The differences in the chemical composition of propolis extracts in the same region may be related to species of bees and the preference for a particular plant species to elaborate the propolis (2,33). Moreover, the genetic variability of bee species influences the chemical composition of propolis, resulting in different biological activities (2). Accordingly, the EEP from M. quadrifasciata quadrifasciata presented a higher concentration of total phenols and flavonoids, reinforcing the direct correlation between phenol concentration and antioxidant activity established in the literature (34 ).
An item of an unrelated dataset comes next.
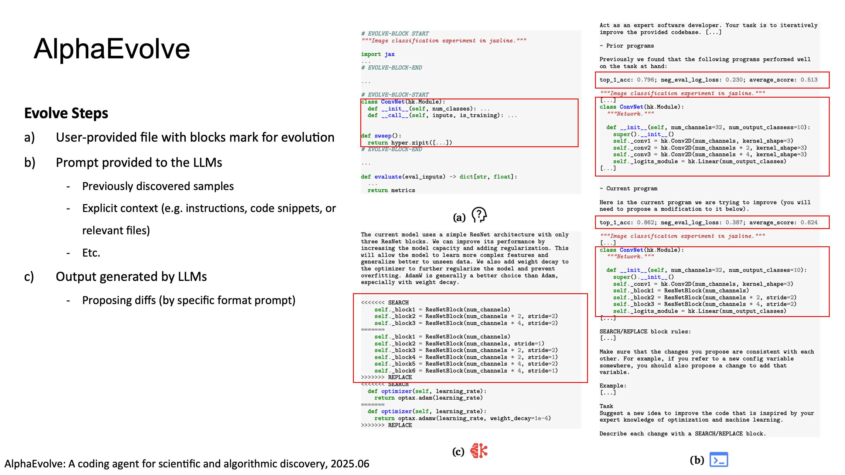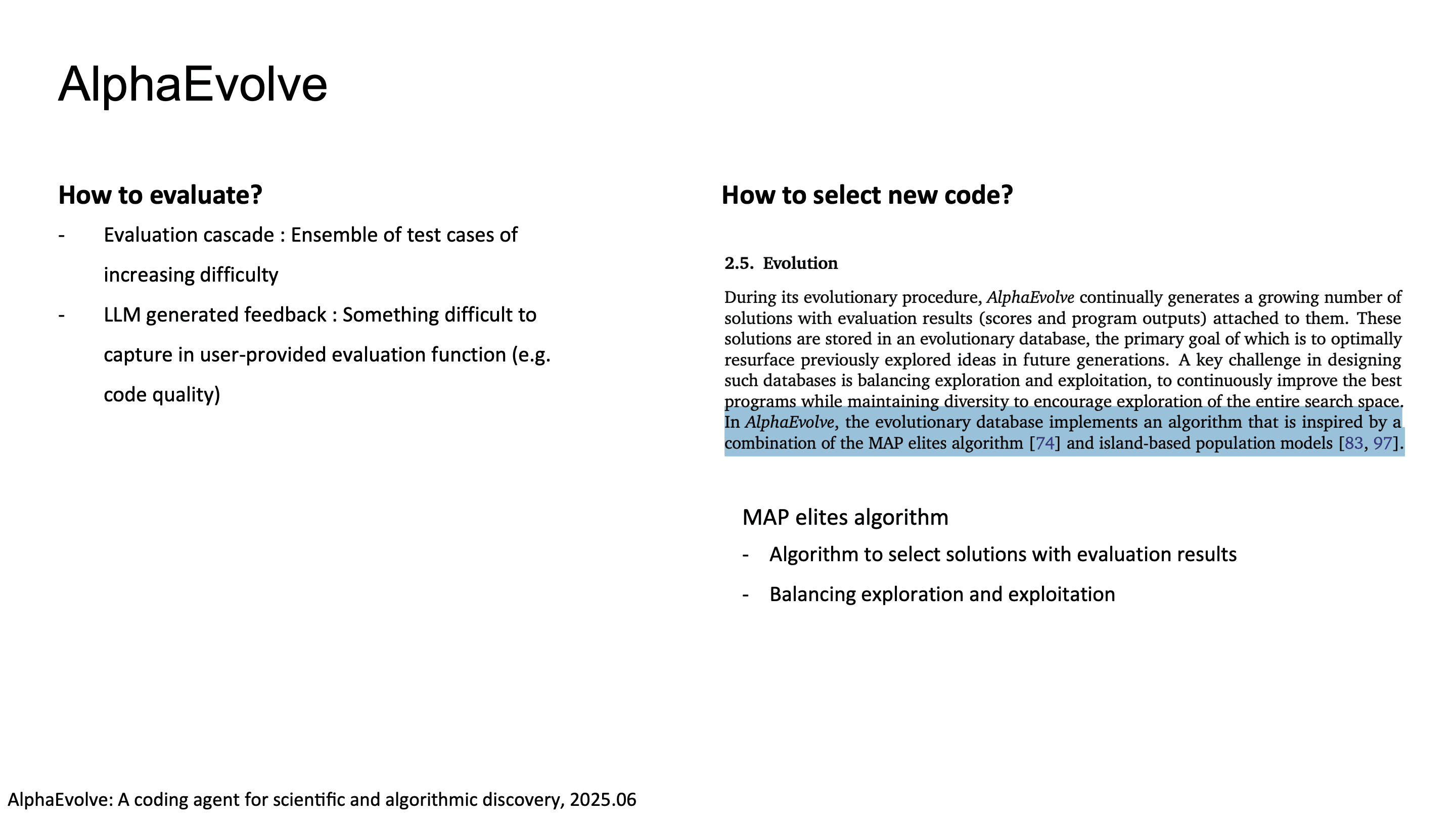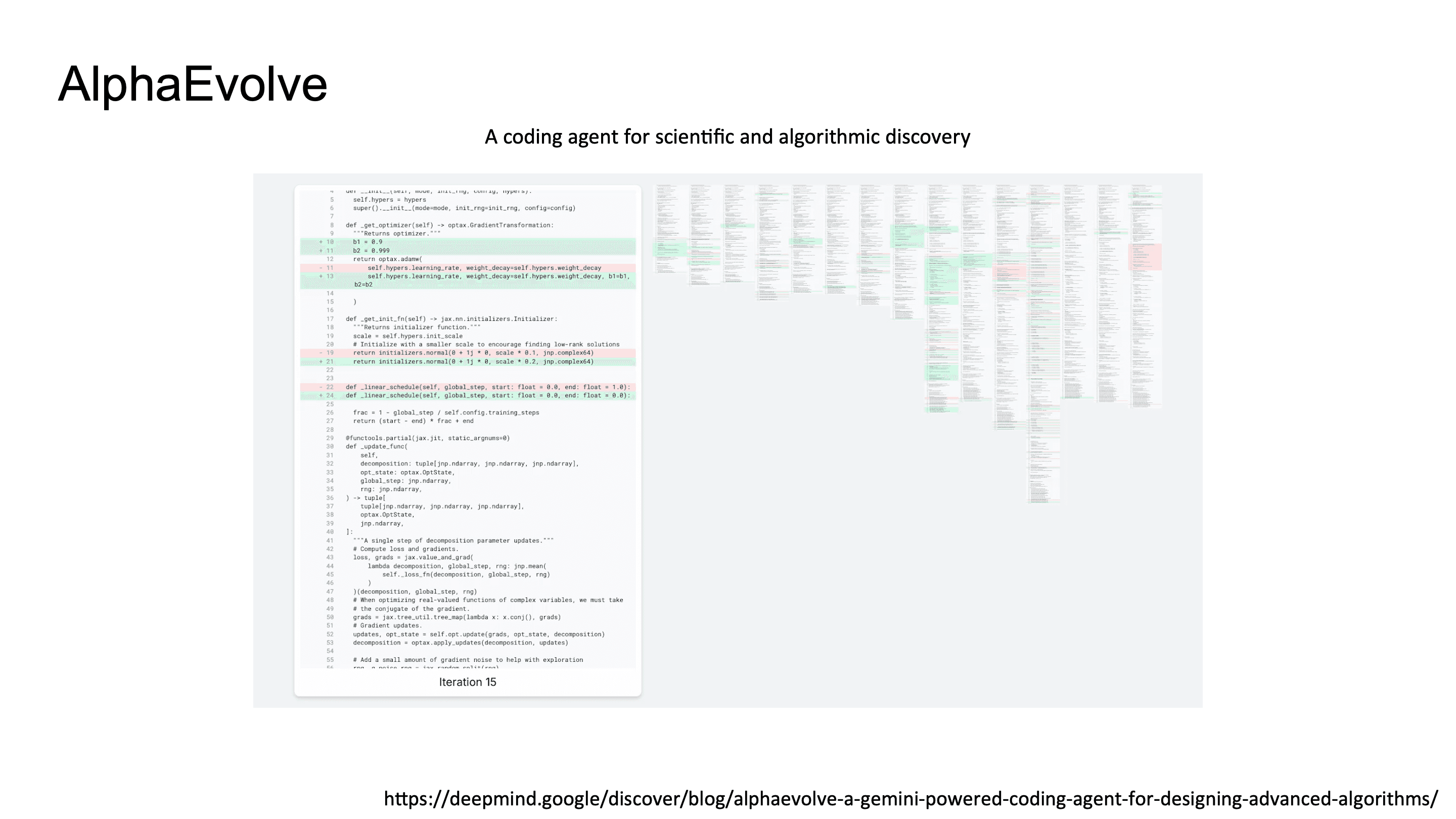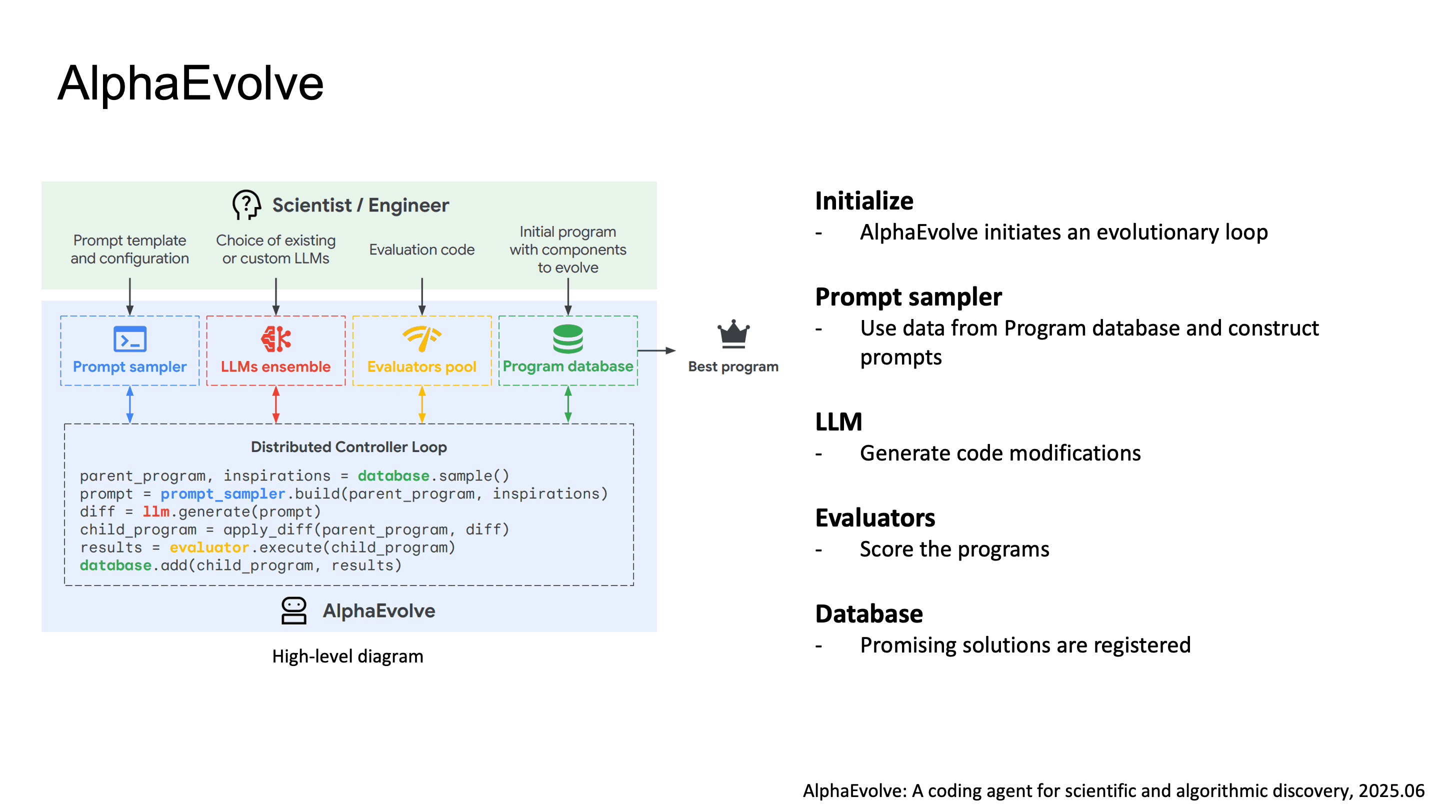 마지막으로 Google DeepMind의 AlphaEvolve입니다. AlphaEvolve는 algorithmic discovery를 위한 coding agent로, LLM과 evolutionary search를 결합한 구조입니다.

In conclusion, the data presented here showed that the chemical composition of propolis from stingless bees is complex and depends on the species, among other factors. The extract from M. quadrifasciata quadrifascita was more potent in promoting antioxidant and antibacterial activity compared to T. angustula extract. In addition, EEPs were more effective against gram-positive than against gram-negative strains, especially against S. aureus and MRSA, by a mechanism that involved the disturbance of bacterial cell membrane integrity. The current findings suggest that propolis from stingless bees may be a potential source of active compounds against MRSA.